[EXERCISE]: Return all of the data exactly, with nothing left out but the pictures.

[RECORDED DATA]:
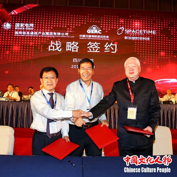 中国卫星导航定位协会会长张荣久、国家电网信通总经理、党组副书记王政涛和新加坡时空科技CEO方德发签署战略合作协议
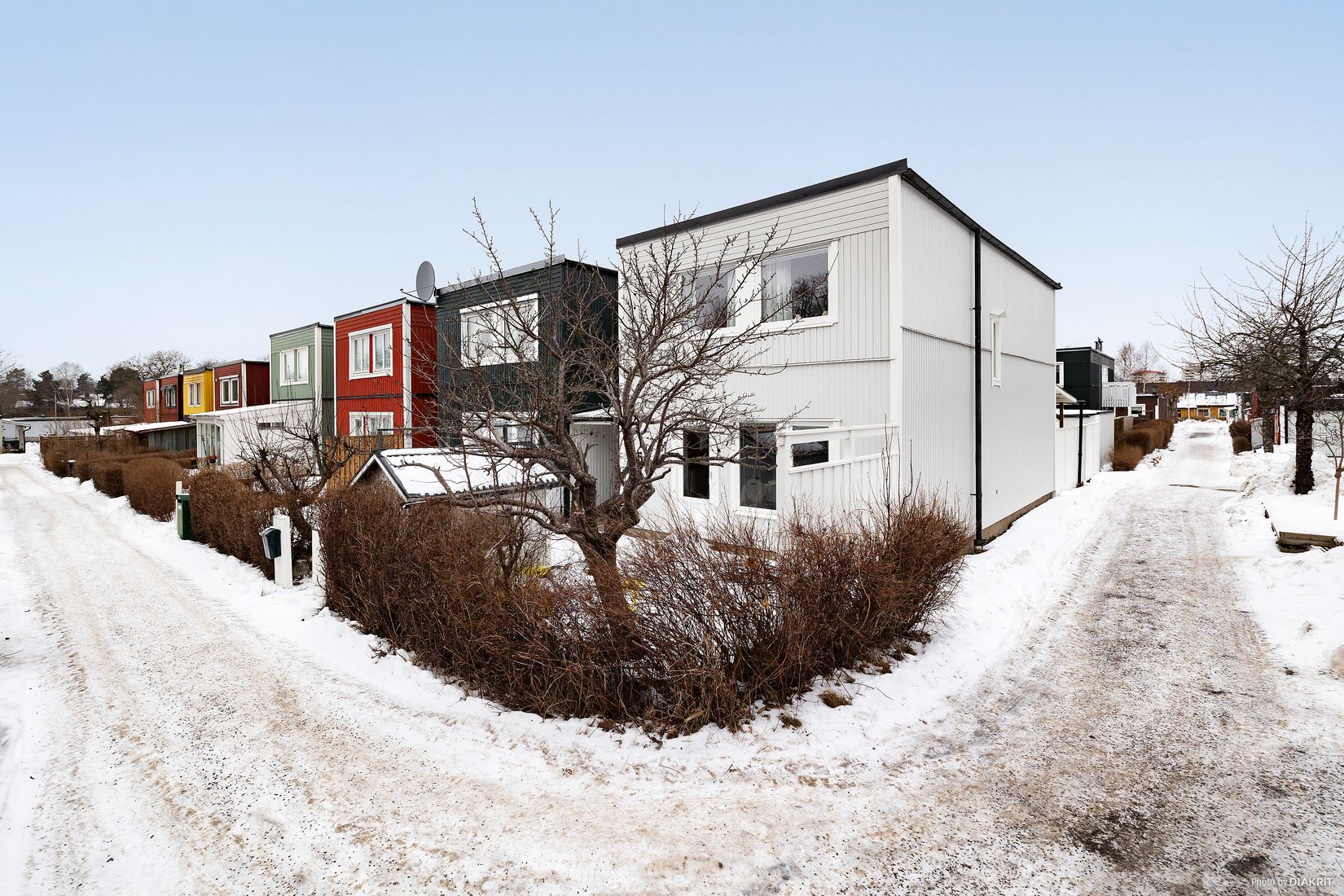 Välkommen till detta tvåplans kedjehus med fyra sovrum på övre plan. Nytt kök från 2025. Två badrum varav det på entréplan är renoverat 2025. Trädäckad altan samt gräsmatta på baksidan med eftermiddag och kvällssol. På framsidan är det morgonsol samt sol mitt på dagen. Garage i länga ingår.
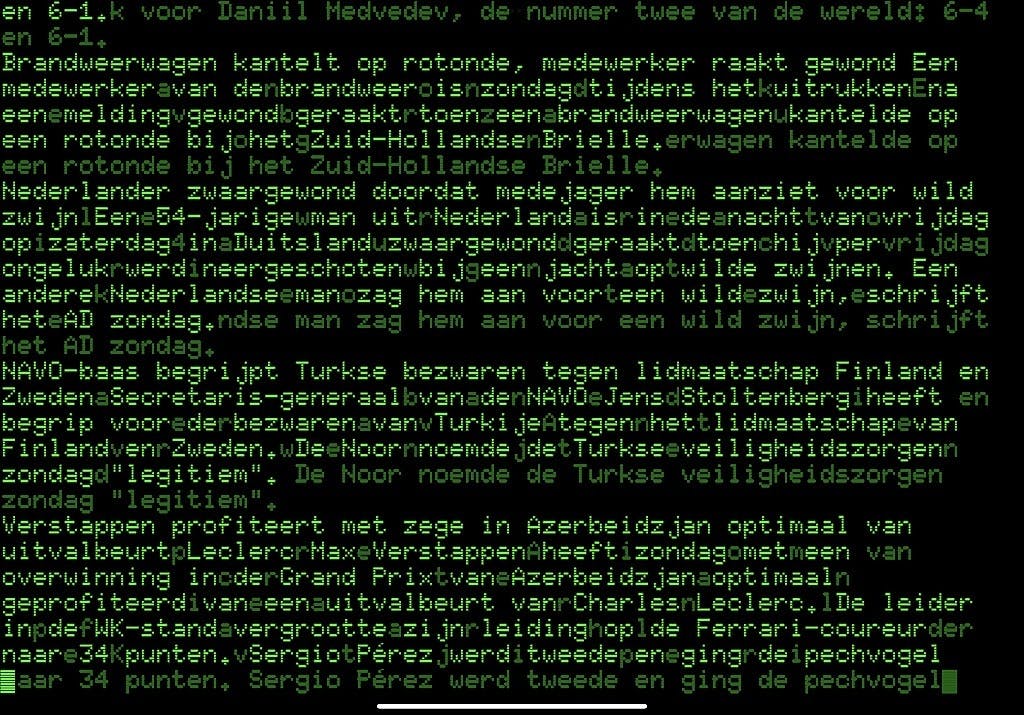 In plaats van de standaard ingestelde Wikipedia-artikelen kun je in de settings ook je eigen URL invoeren. Waarbij je al snel zult merken dat je dan in de meeste gevallen HTML-code te zien krijgt. Wat prima blijkt te werken is een RSS-feed als URL in het daarvoor bestemde veld in de settings in te voeren, probeer bijvoorbeeld maar eens https://www.nu.nl/rss/Algemeen voor een continue stroom aan algemeen nieuws van nu.nl.

[EXERCISE RESULT]:
 中国卫星导航定位协会会长张荣久、国家电网信通总经理、党组副书记王政涛和新加坡时空科技CEO方德发签署战略合作协议
 Välkommen till detta tvåplans kedjehus med fyra sovrum på övre plan. Nytt kök från 2025. Två badrum varav det på entréplan är renoverat 2025. Trädäckad altan samt gräsmatta på baksidan med eftermiddag och kvällssol. På framsidan är det morgonsol samt sol mitt på dagen. Garage i länga ingår.
 In plaats van de standaard ingestelde Wikipedia-artikelen kun je in de settings ook je eigen URL invoeren. Waarbij je al snel zult merken dat je dan in de meeste gevallen HTML-code te zien krijgt. Wat prima blijkt te werken is een RSS-feed als URL in het daarvoor bestemde veld in de settings in te voeren, probeer bijvoorbeeld maar eens https://www.nu.nl/rss/Algemeen voor een continue stroom aan algemeen nieuws van nu.nl.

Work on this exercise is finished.